Pig ParquetStorer is not working

avatar
New Contributor

Hi There,

We are getting the following error when using ParquetStorer in Pig

ERROR org.apache.pig.PigServer - exception during parsing: Error during parsing. Cannot instantiate class org.apache.pig.builtin.ParquetStorer (parquet.pig.ParquetStorer) 

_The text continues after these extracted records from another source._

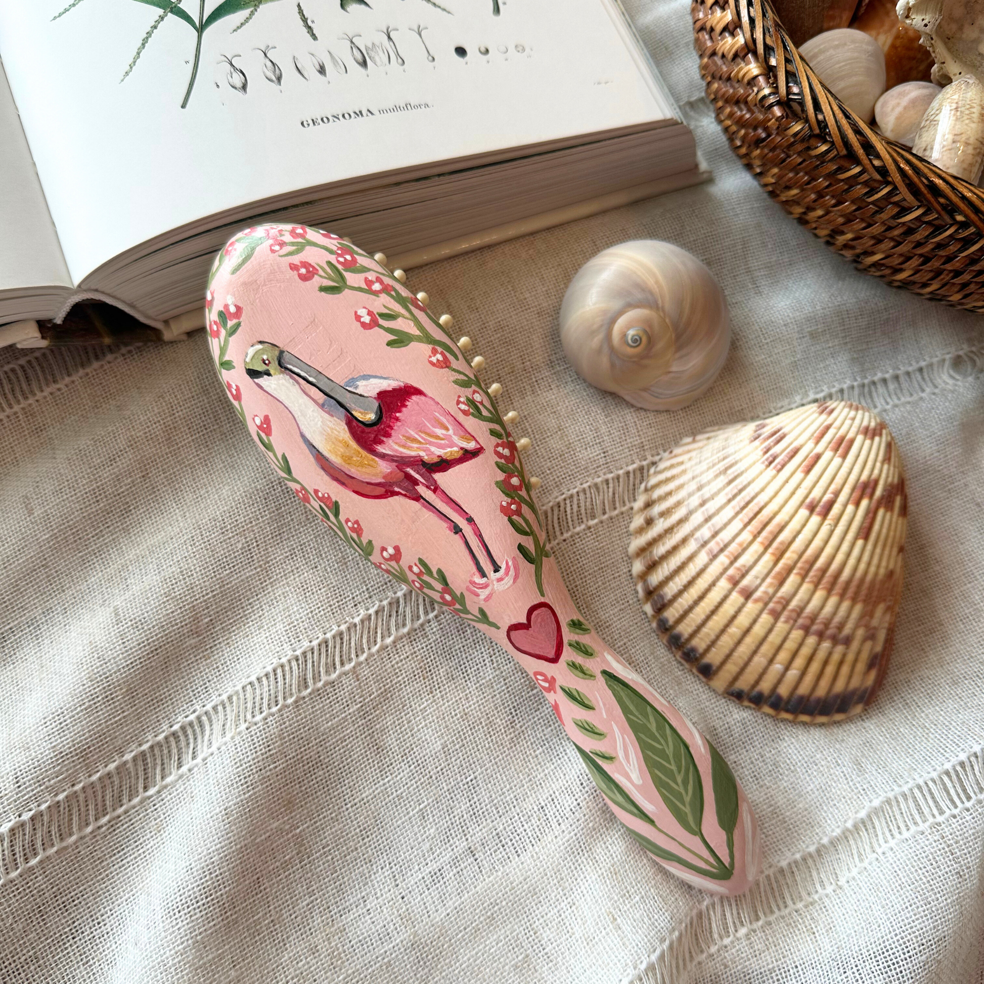 Hand-painted baby brush with a signature Litore Studio design of a Roseate Spoonbill surrounded by delicate bougainvillea blooms and a tapestry of palms, scallops, leaves and coral.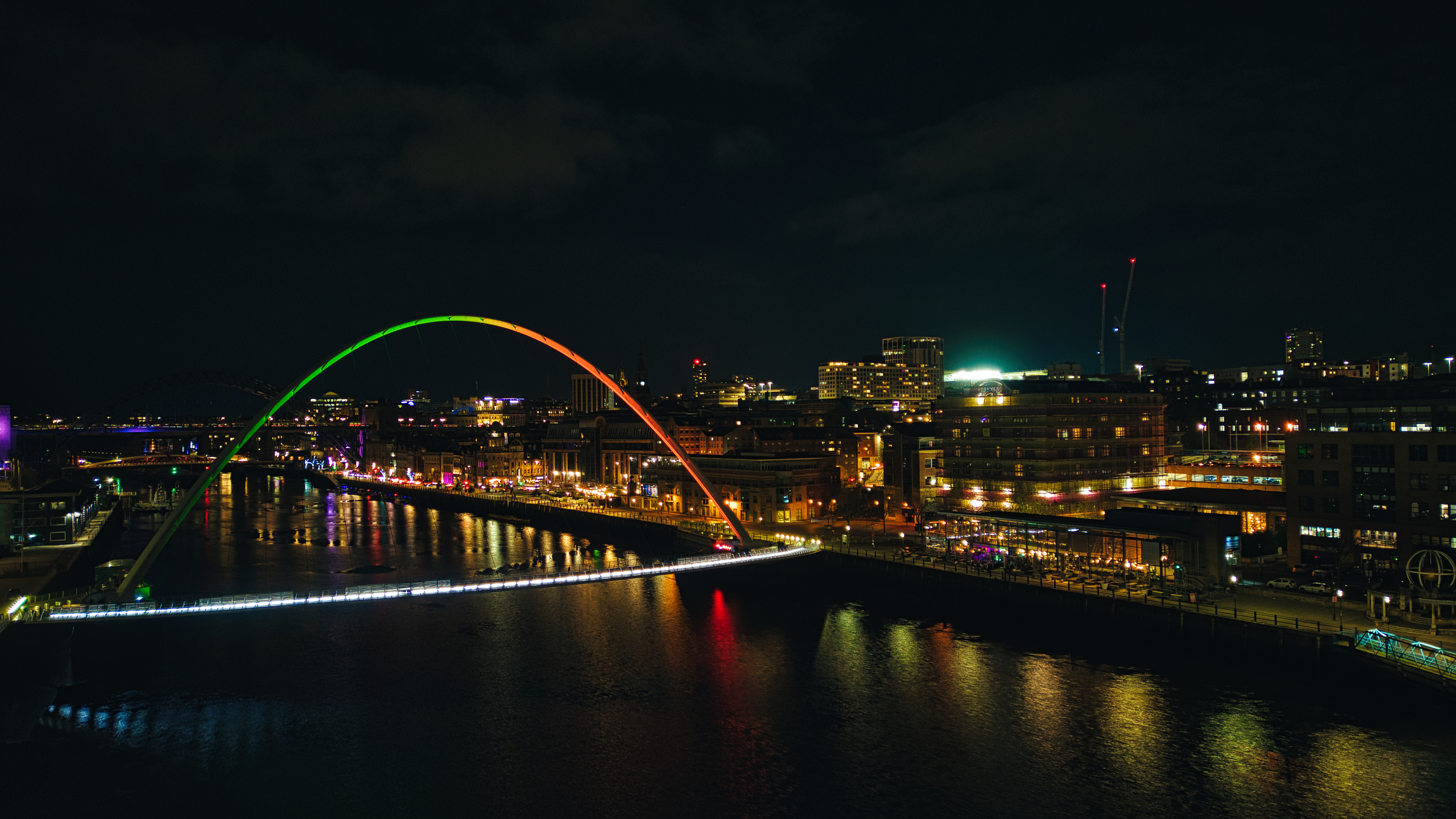 Nighttime cityscape with illuminated rainbow bridge reflecting on water, showcasing urban architecture and vibrant nightlife in Newcastle upon Tyne
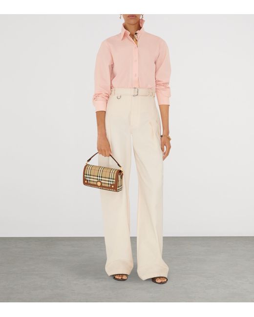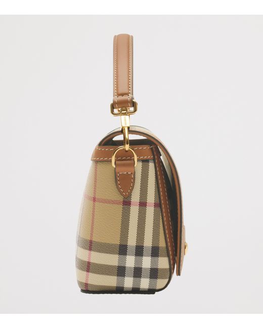 A motif found on the lining of its trench coats since the 1920s, Burberry's check has become synonymous with the label's outerwear legacy and refinement. With this top-handle bag, the motif takes centre stage among the canvas and calf leather construction, eschewing brazen logos for an assertive hint at brand allegiance.

We are using HDP-2.3.4.0-3485 version.

Appreciate if any one have any pointers on this.

Thank you,

Ibrahim

1 ACCEPTED SOLUTION

avatar
Expert Contributor

--Register the jars

REGISTER lib/parquet-pig-1.3.1.jar;

REGISTER lib/parquet-column-1.3.1.jar;

REGISTER lib/parquet-common-1.3.1.jar;

REGISTER lib/parquet-format-2.0.0.jar;

REGISTER lib/parquet-hadoop-1.3.1.jar;

REGISTER lib/parquet-pig-1.3.1.jar;

REGISTER lib/parquet-encoding-1.3.1.jar;

--store in parquet format

SET parquet.compression gzip or SNAPPY;

STORE table INTO '/path/to/table' USING parquet.pig.ParquetStorer;

-- options you might want to fiddle with

SET parquet.page.size 1048576 -- default. this is your min read/write unit.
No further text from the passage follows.